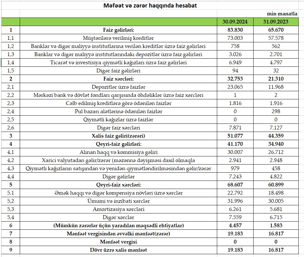 Bankın faiz gəlirləri ötən ilin analoji dövrü ilə müqayisədə 28% artaraq 83 milyon 830 min manata çatıb. Qeyri-faiz gəlirləri isə 18% artımla 41 milyon 170 min manata yüksəlib.
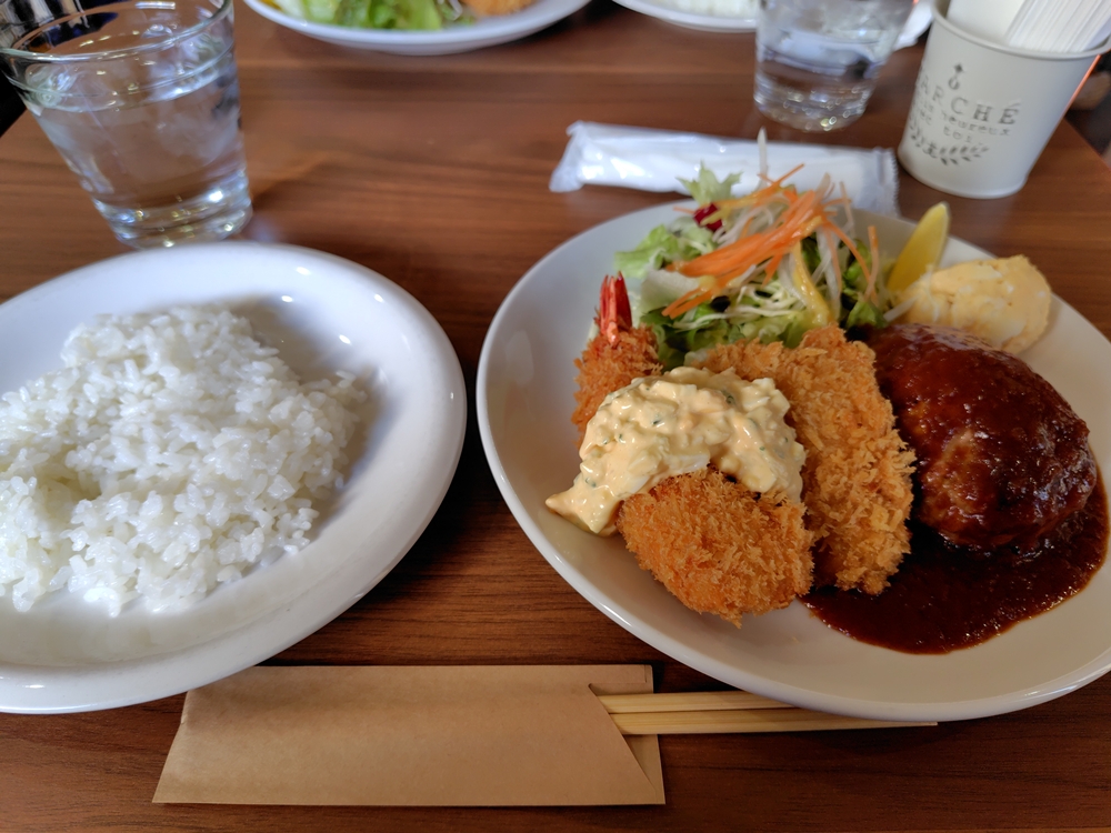 エビフライの衣はサクサク、中はプリプリ、白身魚もふわふわ。
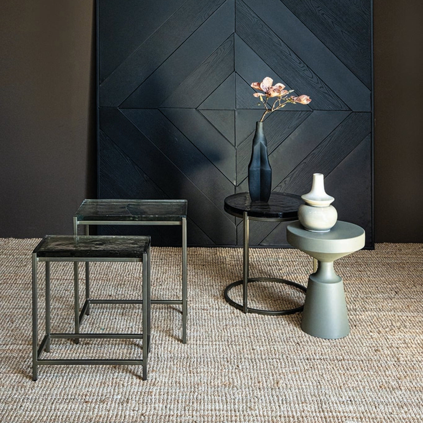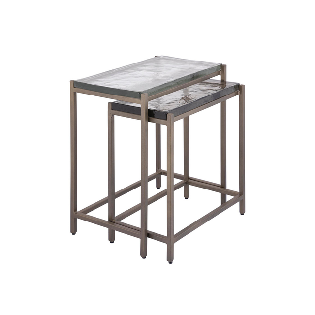 A Lucinde lerakóasztal szett 2 különböző méretű darabból áll, melyek vastag, lazúros üveg lappal, és keretes, réz vázzal rendelkeznek. Praktikus kialakításuk, és elegáns megjelenésük miatt együtt, és külön-külön is elhelyezhetőek, így sokoldalú kiegészítői lehetnek otthonodnak.
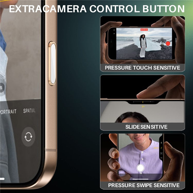 NORTHJO For iPhone 16 / 16 Plus / 16 Pro / 16 Pro Max Camera Control Button Cover Protector Metal Frame with Capacitor Chip - White+Gold
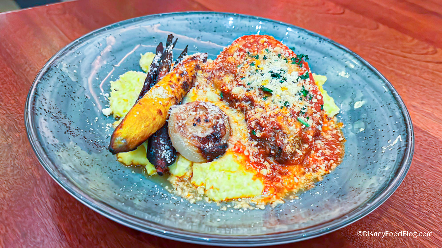 This dish was Braised Beef Short-rib, Creamy Polenta, Fontina, and Roasted Carrots and Onions.
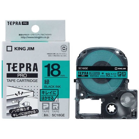 キングジム テプラ きれいにはがせるラベルテープ(18mm幅) SC18GE (緑/黒文字)
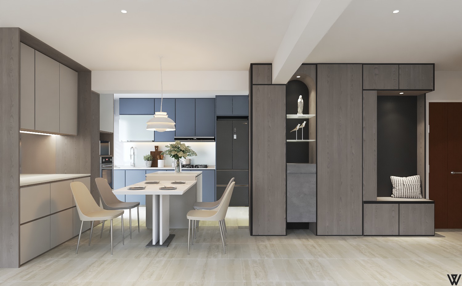 Modern Scandinavian apartment – I love the Scandinavian style homes while dear preferred a more modern and edgy look so we compromised and settled for a mix of both designs. We love the colours grey and blue. We wanted a tranquil and minimalist space. At first, I was worried about the grey shades. There is a fine line between looking chic and turning out too gloomy, I am glad Hosen is an expert in colour coordination, all the colours blended well with each other contributing to a seamless flow between the living room, study, kitchen and bedrooms.
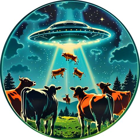 2025 Intaglio Alien Invasion Cow Abduction Colorized 1 Oz Silver Art Round. Bars & Rounds.
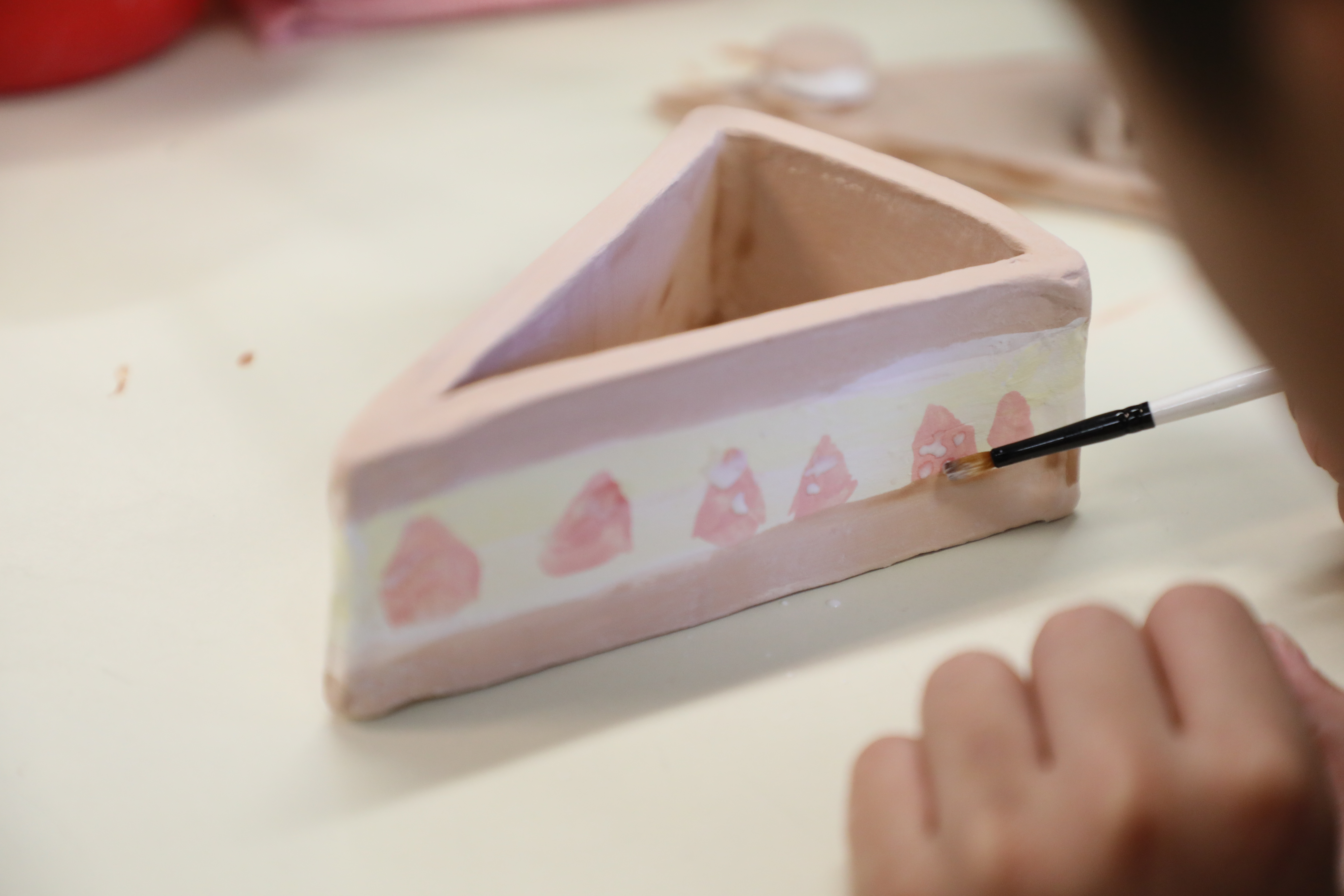 過程整整花了一個多月,從碌泥板、紙模切割、接駁造型, 到陶泥裝飾、泥漿唧花 —— 每個蛋糕盒都蘊藏驚喜與創意: 有巧克力口味、草莓口味,還有「令人會心一笑」的獨特造型。
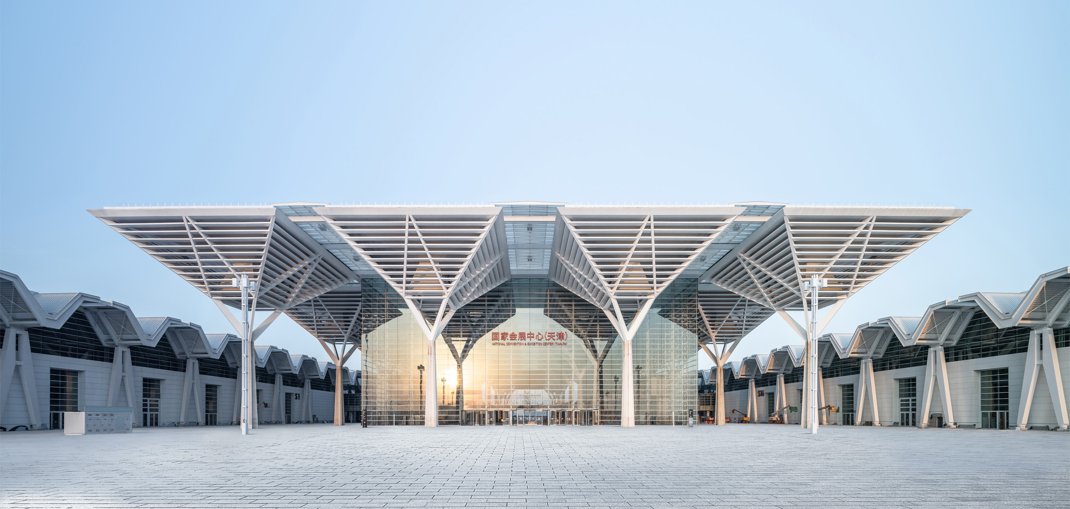 項目簡介:國家會展中心(天津)位于天津市津南區海河中游南岸,是商務部與天津市共建的國家級會展中心,天津會展中心是上海、廣州之外的第三大國際會展中心。主要包括大型展覽館、地下車庫和設備用房,項目總建筑面積134萬平方米,展館面積40萬平方米。綜合配套區包括酒店、商業、會議、辦公與餐飲,共約31.7萬平方米。
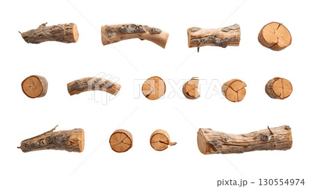 白バックにたくさんの丸太のイラストセット
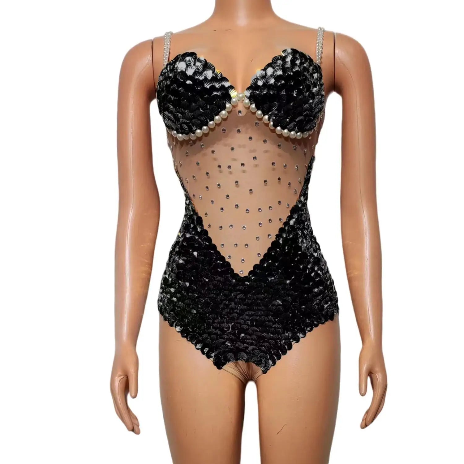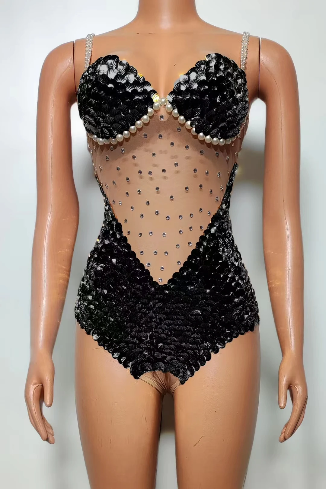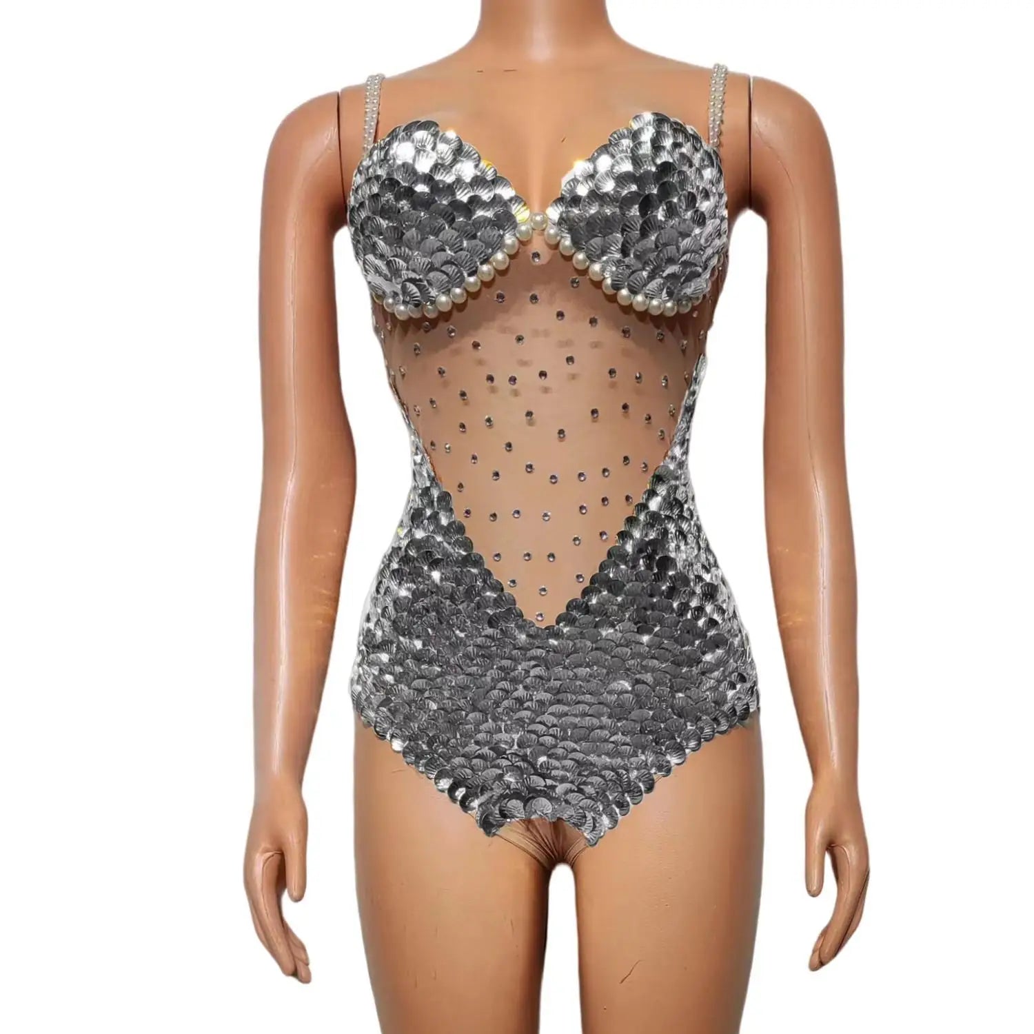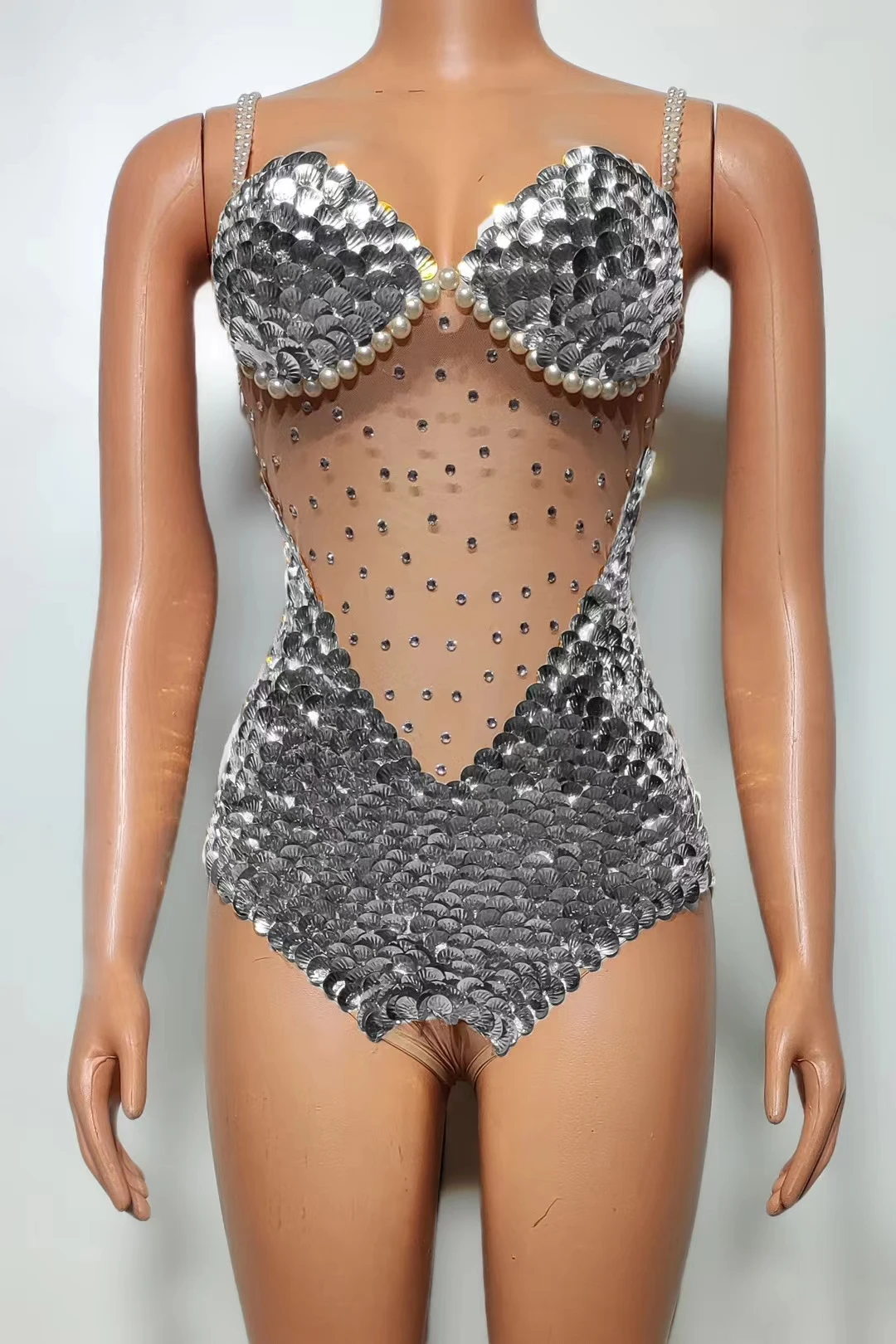 Flashing Sequins Pearls Leotard Sexy See Through Bodysuit Evening Party Celebrate Costume Dancer Prom Photoshoot Wear Bingfeng

(WHAT IS NEEDED)
Repeat the listing word for word, omitting the pictures.

(RESPONSE BOX)
 Bankın faiz gəlirləri ötən ilin analoji dövrü ilə müqayisədə 28% artaraq 83 milyon 830 min manata çatıb. Qeyri-faiz gəlirləri isə 18% artımla 41 milyon 170 min manata yüksəlib.
 エビフライの衣はサクサク、中はプリプリ、白身魚もふわふわ。
 A Lucinde lerakóasztal szett 2 különböző méretű darabból áll, melyek vastag, lazúros üveg lappal, és keretes, réz vázzal rendelkeznek. Praktikus kialakításuk, és elegáns megjelenésük miatt együtt, és külön-külön is elhelyezhetőek, így sokoldalú kiegészítői lehetnek otthonodnak.
 NORTHJO For iPhone 16 / 16 Plus / 16 Pro / 16 Pro Max Camera Control Button Cover Protector Metal Frame with Capacitor Chip - White+Gold
 This dish was Braised Beef Short-rib, Creamy Polenta, Fontina, and Roasted Carrots and Onions.
 キングジム テプラ きれいにはがせるラベルテープ(18mm幅) SC18GE (緑/黒文字)
 Modern Scandinavian apartment – I love the Scandinavian style homes while dear preferred a more modern and edgy look so we compromised and settled for a mix of both designs. We love the colours grey and blue. We wanted a tranquil and minimalist space. At first, I was worried about the grey shades. There is a fine line between looking chic and turning out too gloomy, I am glad Hosen is an expert in colour coordination, all the colours blended well with each other contributing to a seamless flow between the living room, study, kitchen and bedrooms.
 2025 Intaglio Alien Invasion Cow Abduction Colorized 1 Oz Silver Art Round. Bars & Rounds.
 過程整整花了一個多月,從碌泥板、紙模切割、接駁造型, 到陶泥裝飾、泥漿唧花 —— 每個蛋糕盒都蘊藏驚喜與創意: 有巧克力口味、草莓口味,還有「令人會心一笑」的獨特造型。
 項目簡介:國家會展中心(天津)位于天津市津南區海河中游南岸,是商務部與天津市共建的國家級會展中心,天津會展中心是上海、廣州之外的第三大國際會展中心。主要包括大型展覽館、地下車庫和設備用房,項目總建筑面積134萬平方米,展館面積40萬平方米。綜合配套區包括酒店、商業、會議、辦公與餐飲,共約31.7萬平方米。
 白バックにたくさんの丸太のイラストセット
 Flashing Sequins Pearls Leotard Sexy See Through Bodysuit Evening Party Celebrate Costume Dancer Prom Photoshoot Wear Bingfeng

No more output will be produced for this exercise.